§ **Your task**
What is needed is an exact repetition of the lines below, from the first one through the one holding "Calender Month |", with no pictures and nothing else.

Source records
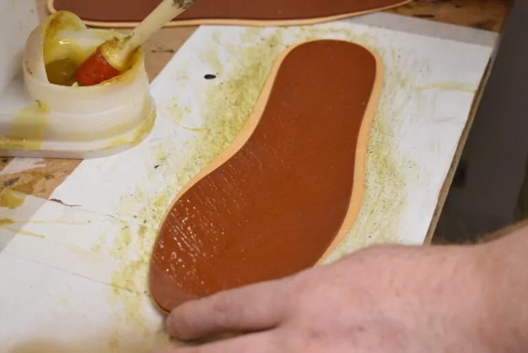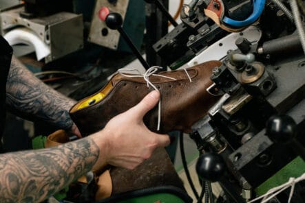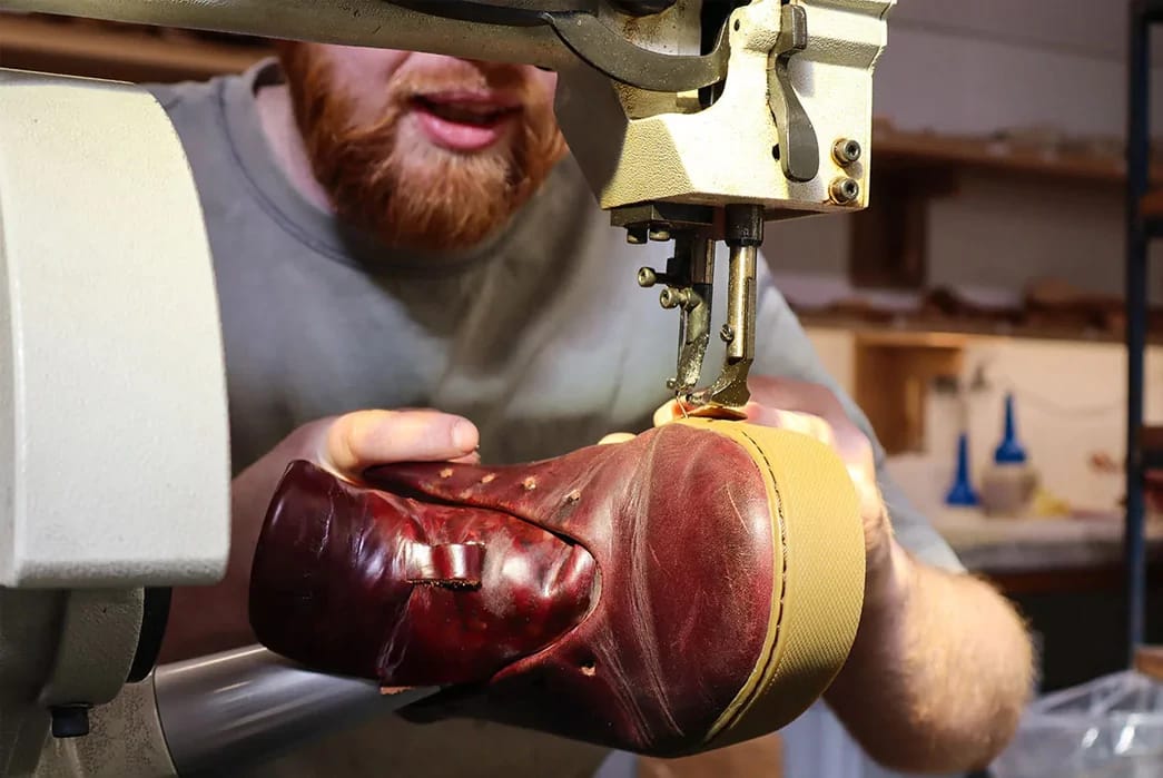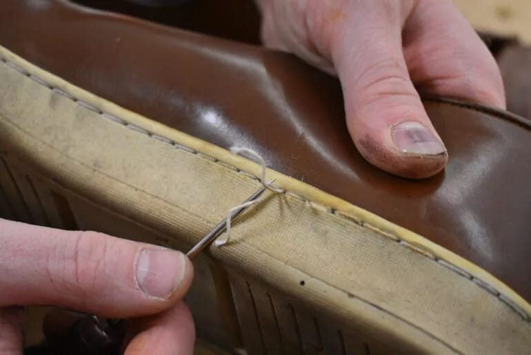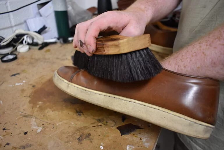 After attaching the sole with strong sidewall stitching, Ollie takes the shoes to the finishing room. He glues in new insoles, threads in new laces, and gives them a final buff with a Horse Hair brush.
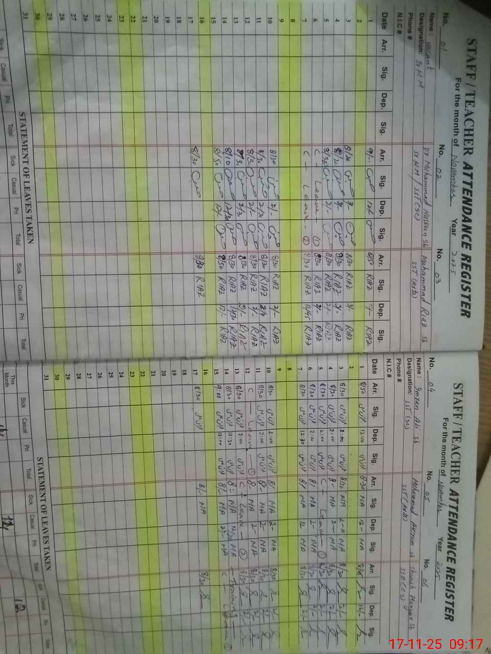 | CNIC | Full Name | Designation | R/C | Absence During Last Calender Month |
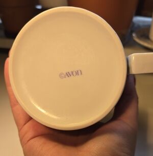 This is an Avon Sweet Sentiments 'Love is" double heart handle coffee mug. The mug features interlocking hearts with love quotes and is in great condition. 12 ounce size, 4" inches wide (including handle).
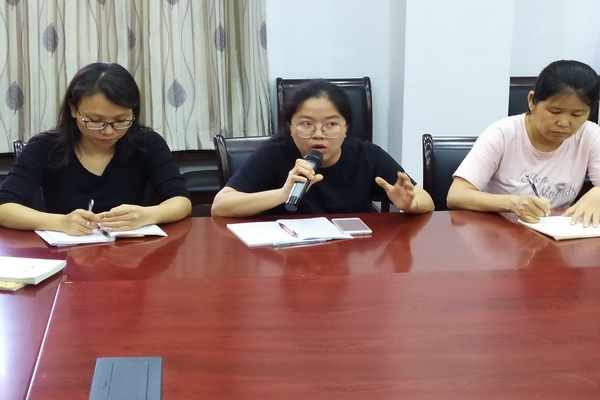 活動中,語文科組率先為大家進行了科組教研展示,對王艷榮老師執教的《詠柳》進行評課議課。王艷榮老師首先進行了細致的說課與反思,然后主評老師陳向紅、李娟,以及其他語文教師先后從不同方面、角度給予了細致地評議。其間,古詩吟誦、情境教學的運用引起了大家精彩的思想碰撞。
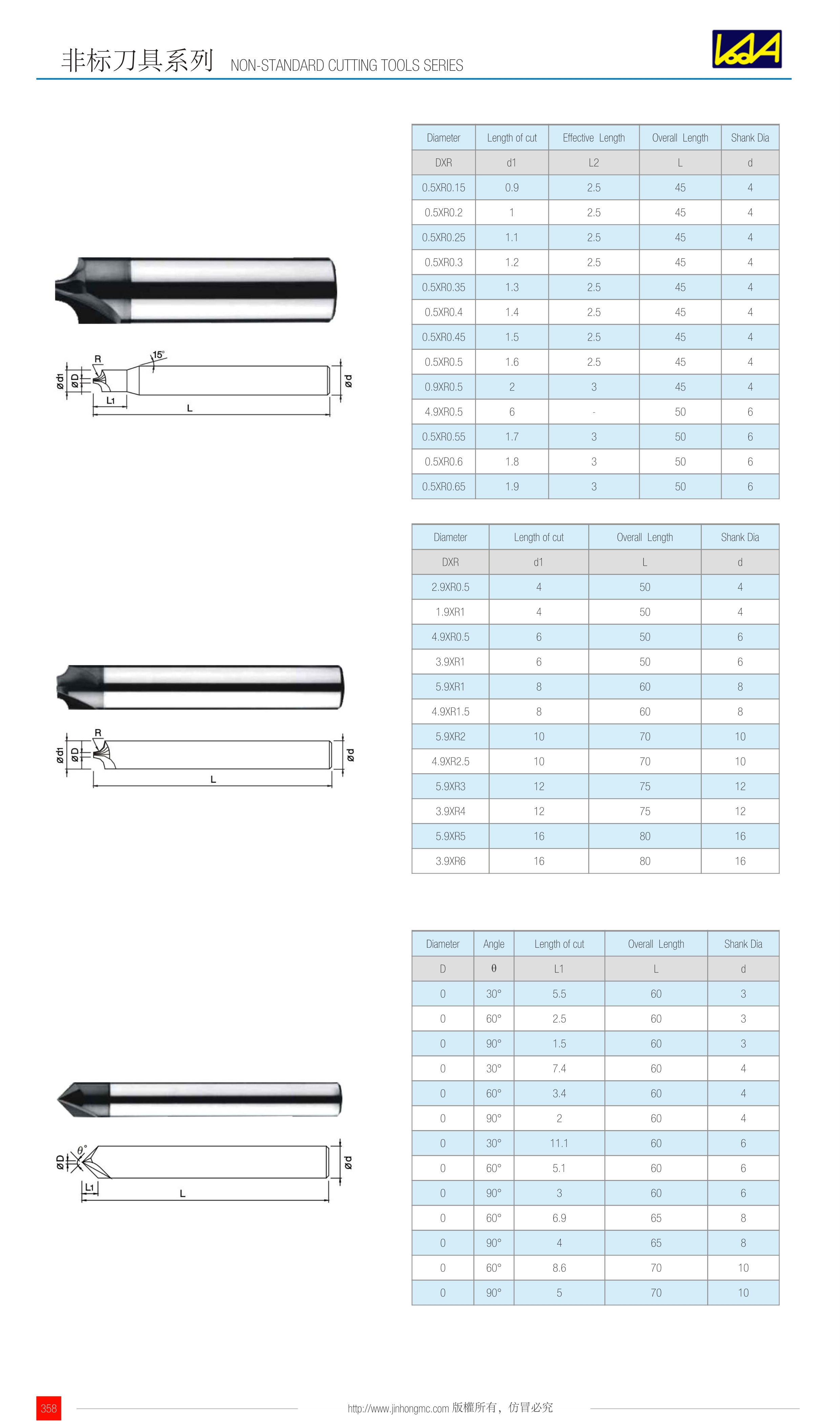 | Diameter | Angle | Length of cut | Overall Length | Shank Dia |
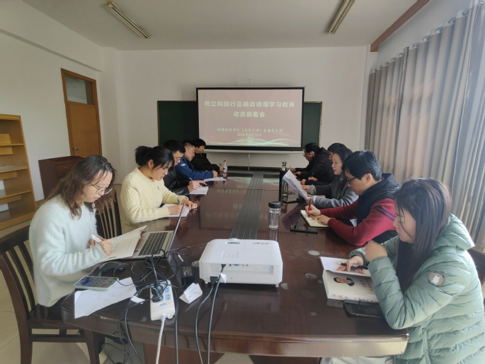 会上,高艳传达上级及学校关于开展树立和践行正确政绩观学习教育的文件精神与工作要求,对学院学习教育工作进行全面动员部署,明确目标任务、学习时间、学习对象及学习重点。
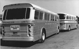 Un clásico de la publicidad fotográfica, mostrando algunos autobuses de Greyhound en lugar atípico en un plácido entorno de California. (texto y foto http://www.motorcoachage.com/)
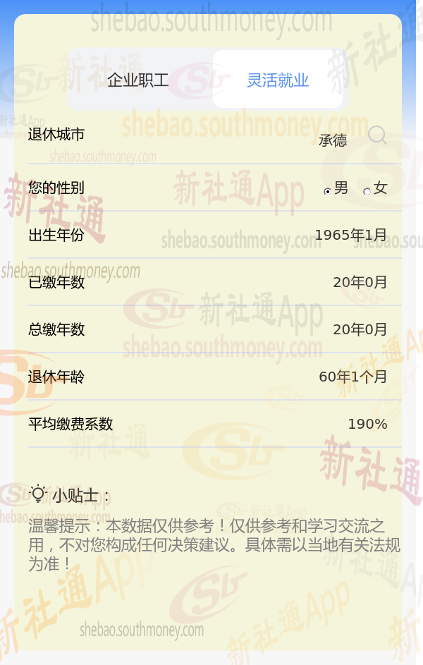 退休城市:承德,性别:男,出生年份:1965,总缴年数20年,缴费档次:190%
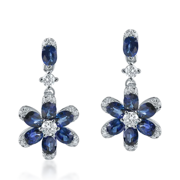 Cercei floare din aur alb cu safire ovale si diamante de 2ct
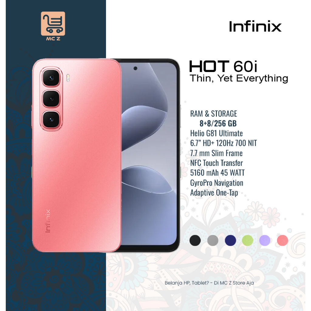 OFFICIAL INFINIX HOT 60i, RAM 8+8/256 GB - NFC Touch Transfer - 45W 5160 mAh - 5 Year Durable Battery - Helio G81 Ultimate - 6.7" 120 Hz Display - 7 mm Slim Frame - GyroPro Navigation - Garansi Resmi
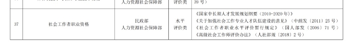 按照人社部目录,社会工作者属于水平评价类职业资格,不是准入类职业资格。

§ **Task response**
 After attaching the sole with strong sidewall stitching, Ollie takes the shoes to the finishing room. He glues in new insoles, threads in new laces, and gives them a final buff with a Horse Hair brush.
 | CNIC | Full Name | Designation | R/C | Absence During Last Calender Month |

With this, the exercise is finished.